A $1.67 million grant from the National Institutes of Health will support University of Maryland College of Education research that promotes children’s friendships across different backgrounds and aims to reduce prejudice in childhood.
The Eunice Kennedy Shriver National Institute of Child Health and Human Development award will fund research to evaluate the effectiveness of a classroom program, comparing whether participants hold fewer gender, racial and ethnic stereotypes, more cross-group friendships and a greater sense of school belonging than children in the control group.
The four-year study will address issues of equity, fairness and mutual respect in peer relationships, and aims to foster positive classroom environments that stimulate academic learning and achievement in schools, with inclusivity among children playing a key role.
“This is a very timely issue right now in our culture and country,” said Melanie Killen, a professor in the Department of Human Development and Quantitative Methodology and the project lead. “There are tensions and crises about inclusion and exclusion based on race, ethnicity and immigrant status, to name a few. Stereotypes are deeply entrenched by adulthood. The time for intervention is in childhood.”

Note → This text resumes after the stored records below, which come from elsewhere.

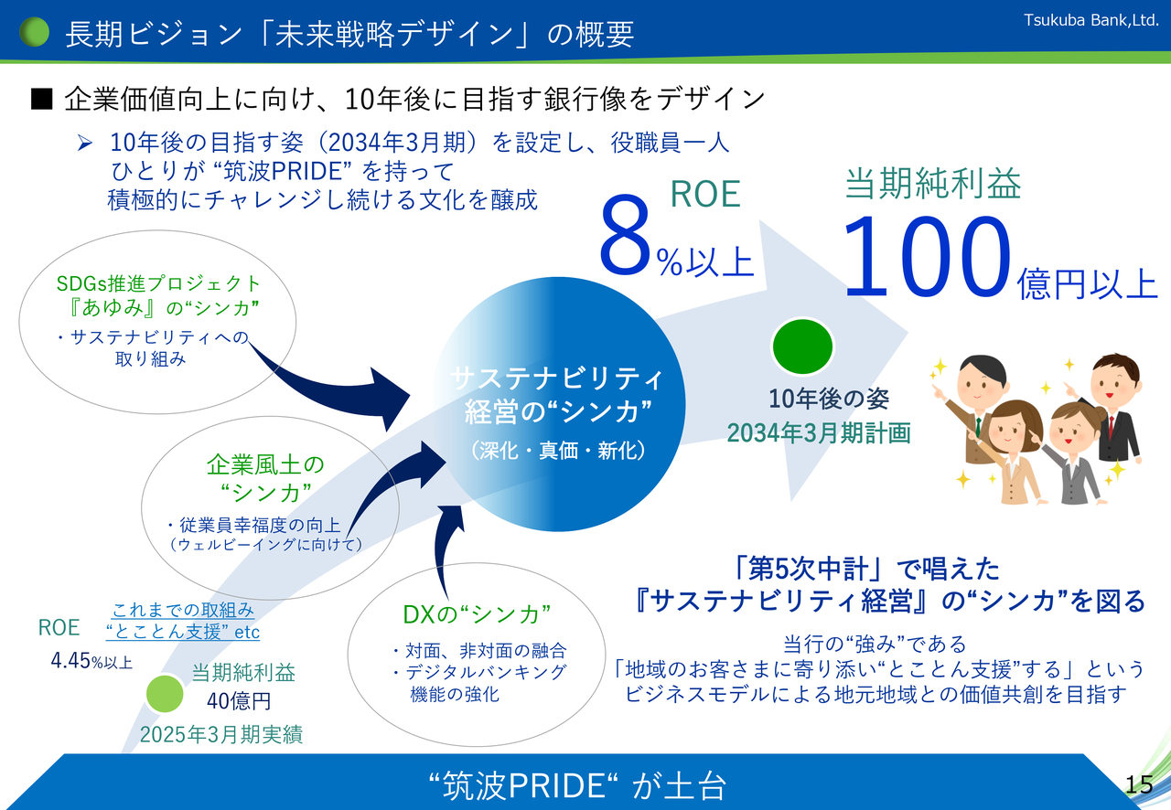 長期ビジョン「未来戦略デザイン」では、役職員の熱意(筑波PRIDE)と当行の強みである「小回り」と「質」によるお客さま支援を実践し、茨城県の持続的発展に貢献することを目指しています。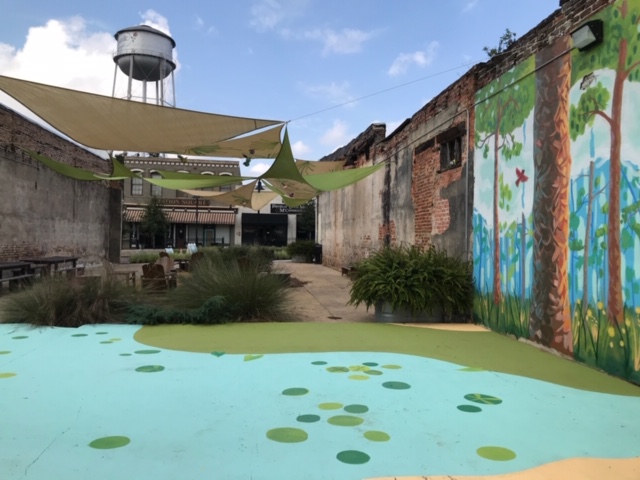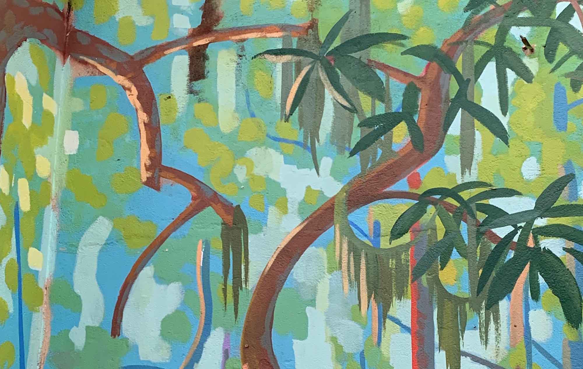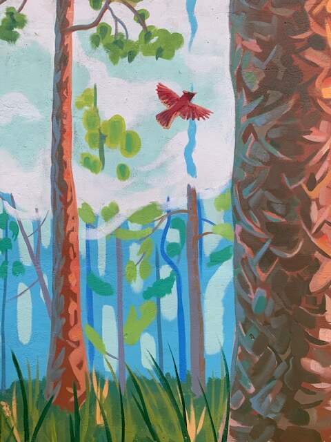 Morning in the Tall Pines draws inspiration from the surrounding forested areas, including the Tall Timbers Research Station, where Joe set the scene for a misty morning in the longleaf pine forest. Using vibrant blues and greens, contrasted by the dark-red brick color of the pine trunks, Joe created a piece that feels dense with vegetation, but also spacious, much like the local forests. Catch this mural just after sunrise, and it really seems as if the light of the early sun is reflecting off of the painted trees while the early morning mist drifts up into the atmosphere.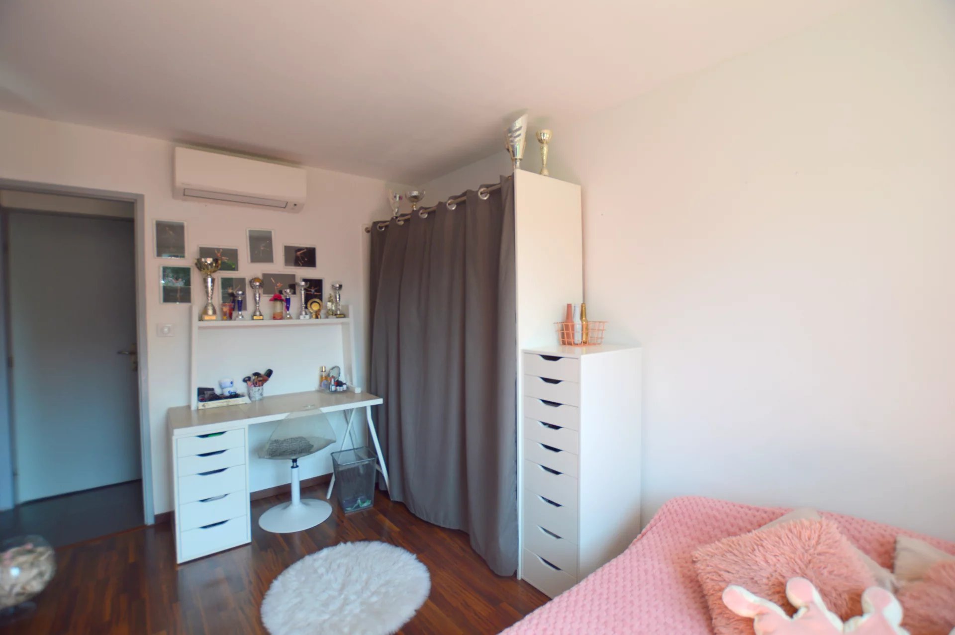 À l’étage, la suite parentale de 30 m² est un véritable cocon : elle offre une salle de bains, une salle d’eau, un WC, un dressing généreux et surtout une terrasse privative avec vue dégagée sur l’environnement résidentiel du Crès.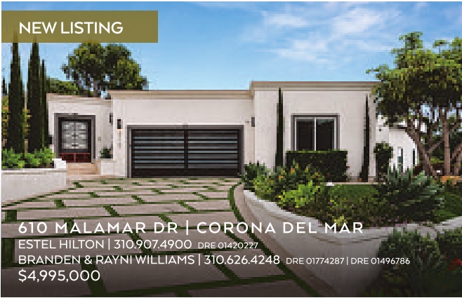 NEW LISTING 610 MALAMAR DR | CORONA DEL MAR ESTEL HILTON | 310.907.4900 DRE 01420227 BRANDEN & RAYNI WILLIAMS | 310.626.4248 DRE 01774287 | DRE 01496786 $4,995,000 See also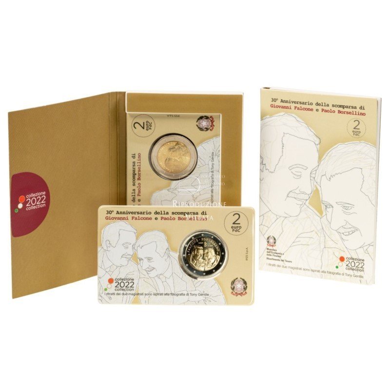Žyma: 2 eurai, 2 euro, 2022, BU, Giovanni Falcone, italija, kortelė, moneta, Paolo Borsellino, proginė

Previous research has shown that social segregation has long-term detrimental effects on children’s physical, emotional and academic development. The “Developing Inclusive Youth” project, which includes Tracy Sweet, associate professor in the Department of Human Development and Quantitative Methodology, is rooted in a three-year study funded by the National Science Foundation and led by Killen and Laura Stapleton, professor and associate dean of the college.
The research team’s in-classroom intervention program has students in grades 3–5 view a series of online, animated scenarios about peer social encounters. The first session, for instance, involves characters deciding whether to include a “new kid” in playing at recess; other scenarios include social interactions at a birthday party or in a science classroom that involve exclusion based on gender, race, ethnicity, immigrant status and wealth status.
Students are then asked to assess how they think the characters in the scenarios feel, evaluate decisions of peer inclusion or exclusion, and choose how they think the characters should react in the situation. Teachers, trained by the researchers, then facilitate classroom discussion about inclusivity based on the animated scenario. The discussion often results in students relating the scenario to real-life situations, Killen said.
“The science scenario, where a girl is excluded from a group project, came up in the classroom discussion and led one girl to tell the others that it was similar to when she wasn’t allowed to play soccer with the boys at recess. The boys said, ‘We didn’t know you wanted to play,’ and then publicly stated [in the classroom] that they’re going to help her. That’s a way to change norms and expectations,” she said.
The NIH grant will expand the “Developing Inclusive Youth” project beyond the feasibility study of 400 students in Montgomery County, Maryland, to additional schools in its public school system; the project has received interest from school systems in other states and countries as well.